Based on the data to associations between specific disease and lncRNAs [40], MLCDForest is compared with other multi-label classification approaches in the performance metrics. The proposed model has achieved the best performance on the dataset with original features. In the present study, we made an initial and rough attempt to incorporate the label correlation in sequential manner into the deep forest framework. In further study, we will test our proposed approach on more strictly experimental settings and apply it on more similar bioinformatics problems. Based on various types of association between ncRNAs, ncRNAs and disease, ncRNA and drug targets, small molecules and ncRNAs, genome analysis applications, etc. [43–48], we should perform further evaluation based on other independent dataset (i.e., association between miRNA–circRNA associations).

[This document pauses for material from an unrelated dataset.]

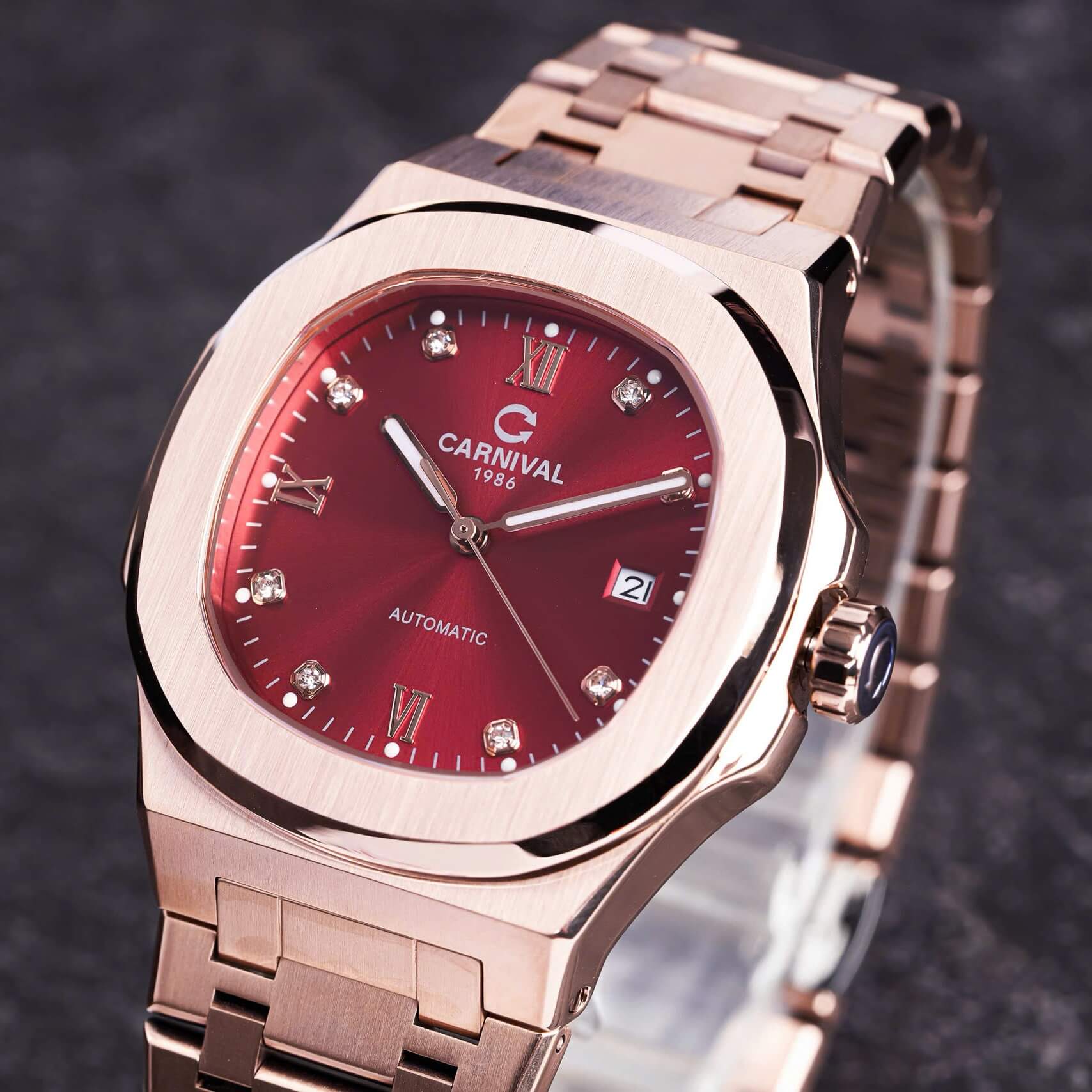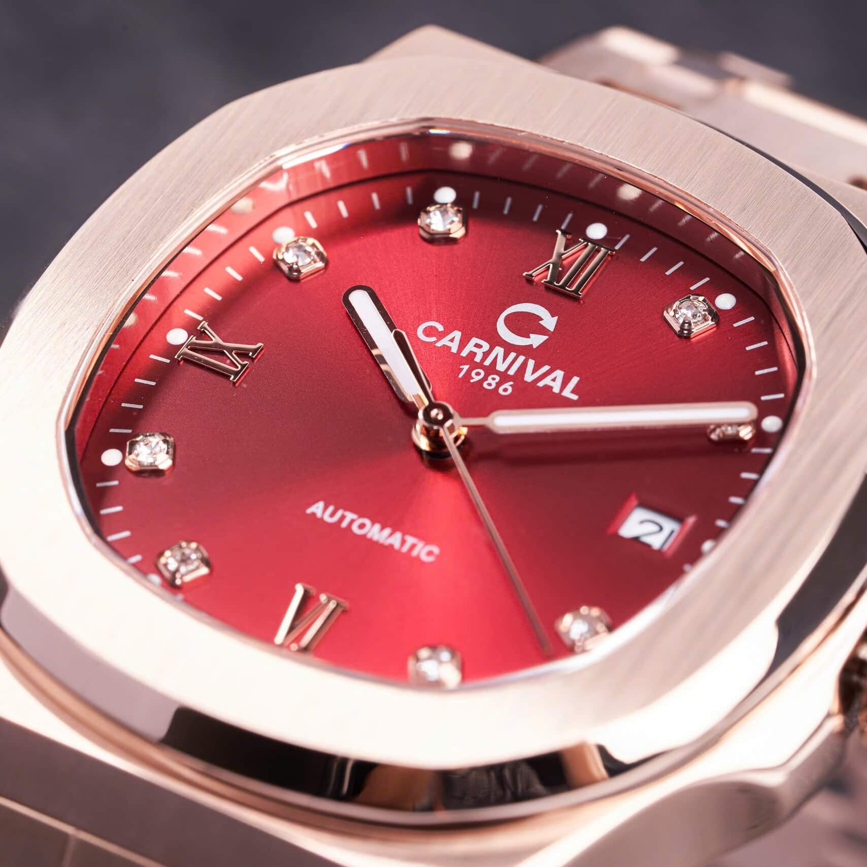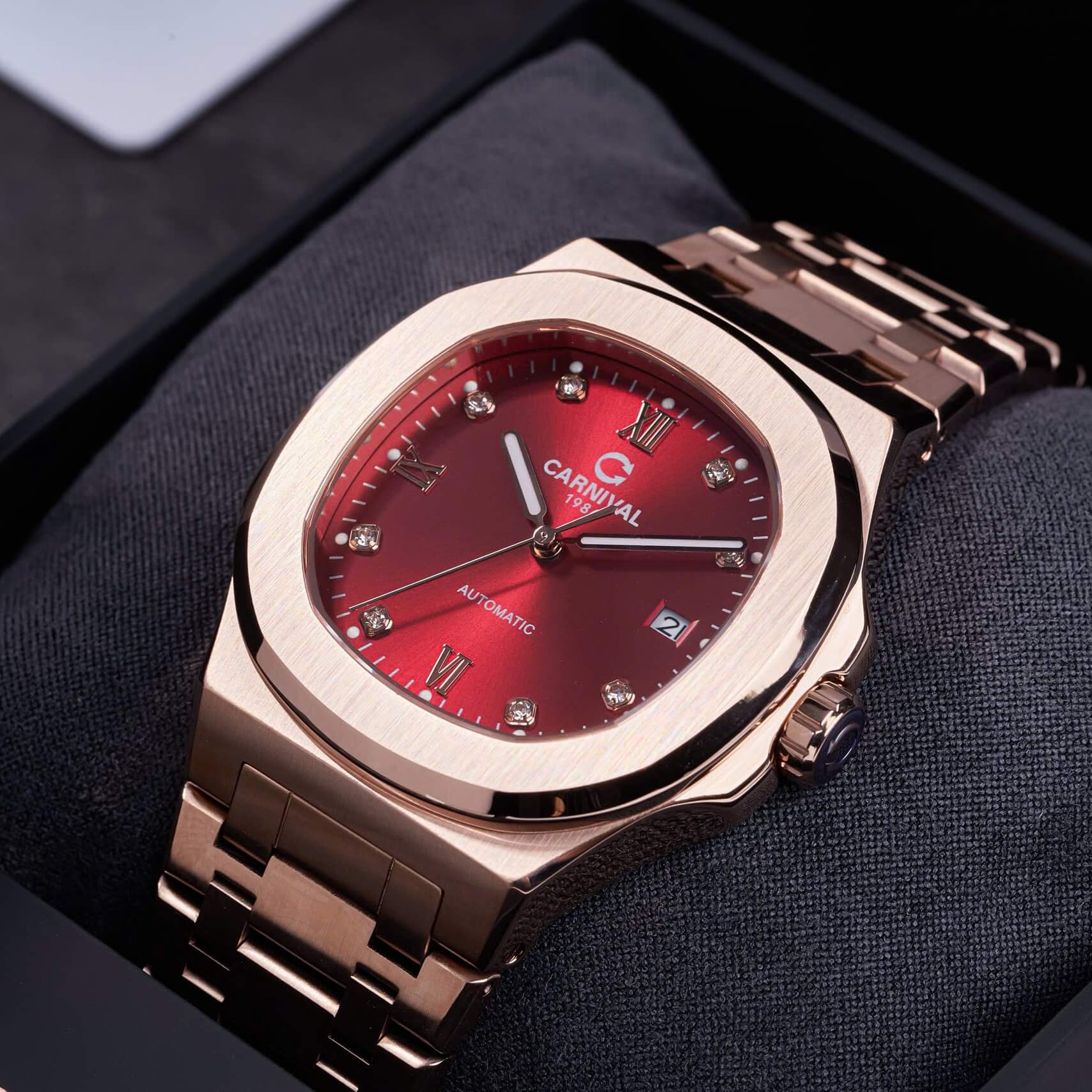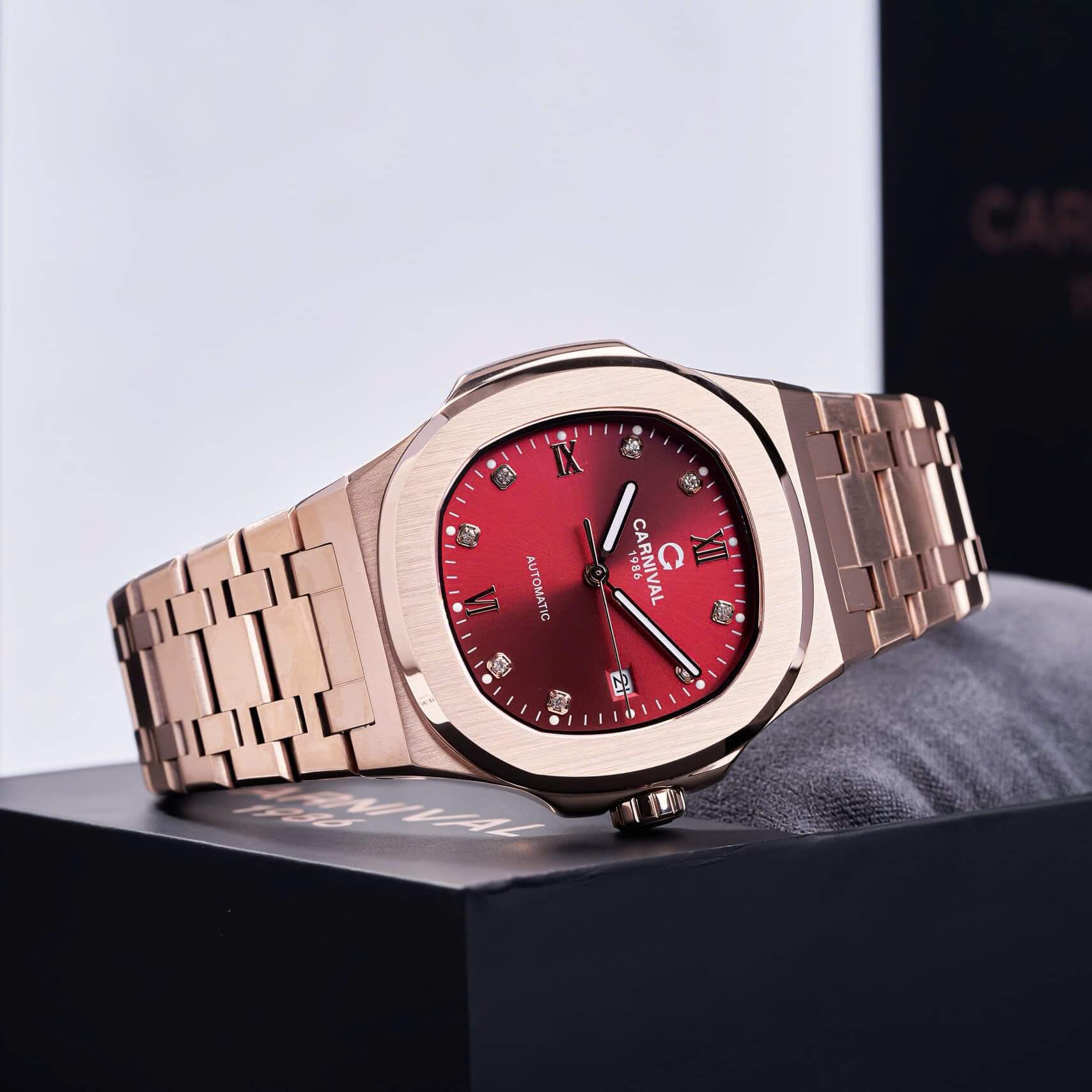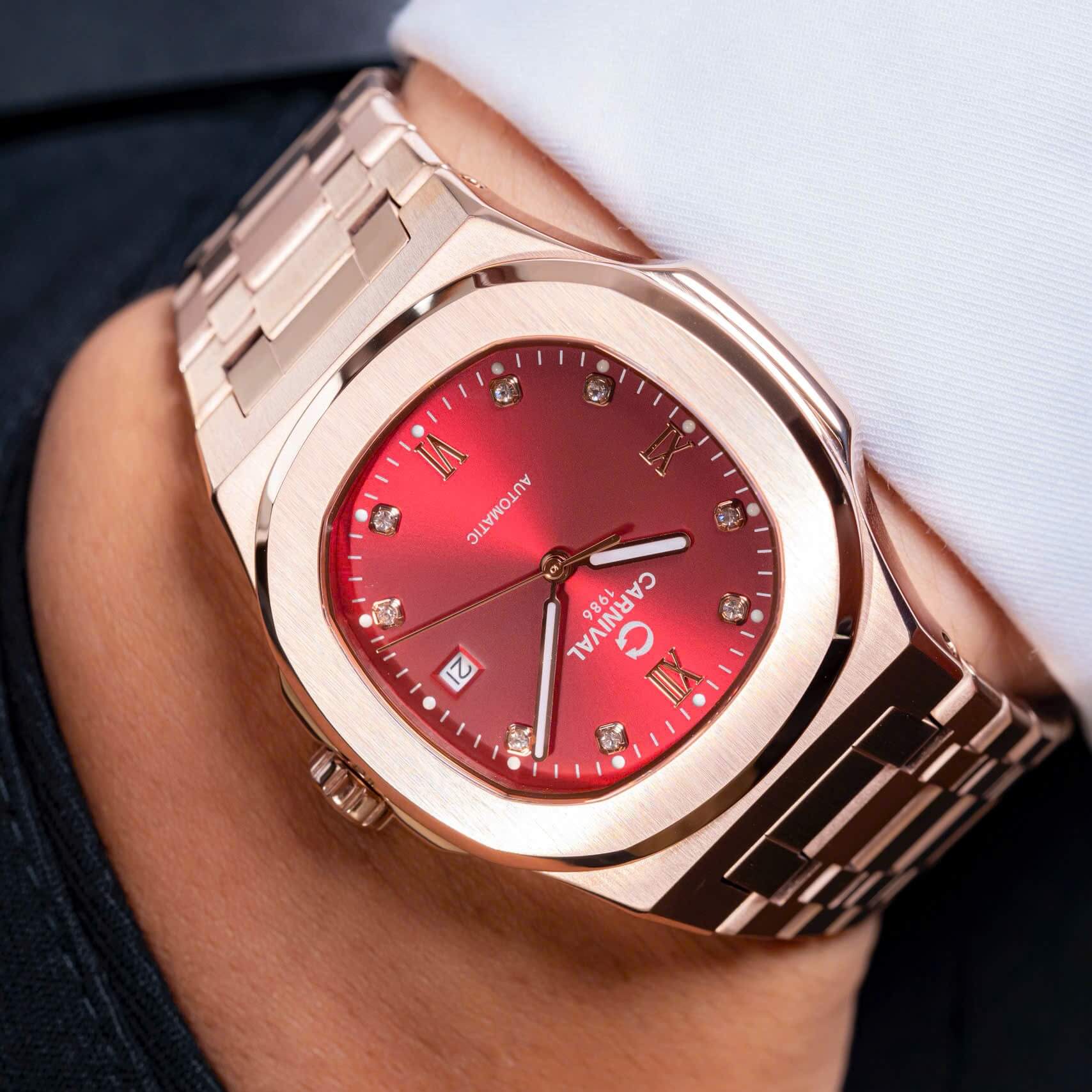 Mang trong mình vẻ đẹp mạnh mẽ của thiết kế cổ điển pha lẫn hiện đại, Carnival 8160G mặt đỏ dây kim loại vàng hồng size 41mm là mẫu đồng hồ cơ nam đáng sở hữu dành cho quý ông yêu thích sự khác biệt, sang trọng và đẳng cấp. Đây không chỉ là cỗ máy thời gian mà còn là tuyên ngôn về phong cách sống.

Predicting lncRNA-tissue association using computational methods is very important in disease diagnosis and therapy.
Label correlation is considered in multi-label classification with frame of MLCDForest
Funding
Dong-Qing Wei is supported by the grants from the Key Research Area Grant 2016YFA0501703 of the Ministry of Science and Technology of China, the National Natural Science Foundation of China (Contract no. 61832019, 61503244), the Science and Technology Commission of Shanghai Municipality (Grant: 19430750600), the Natural Science Foundation of Henan Province (162300410060) and Joint Research Funds for Medical and Engineering and Scientific Research at Shanghai Jiao Tong University (YG2017ZD14). The computations were partially performed at the Peng Cheng Lab and the Center for High-Performance Computing, Shanghai Jiao Tong University.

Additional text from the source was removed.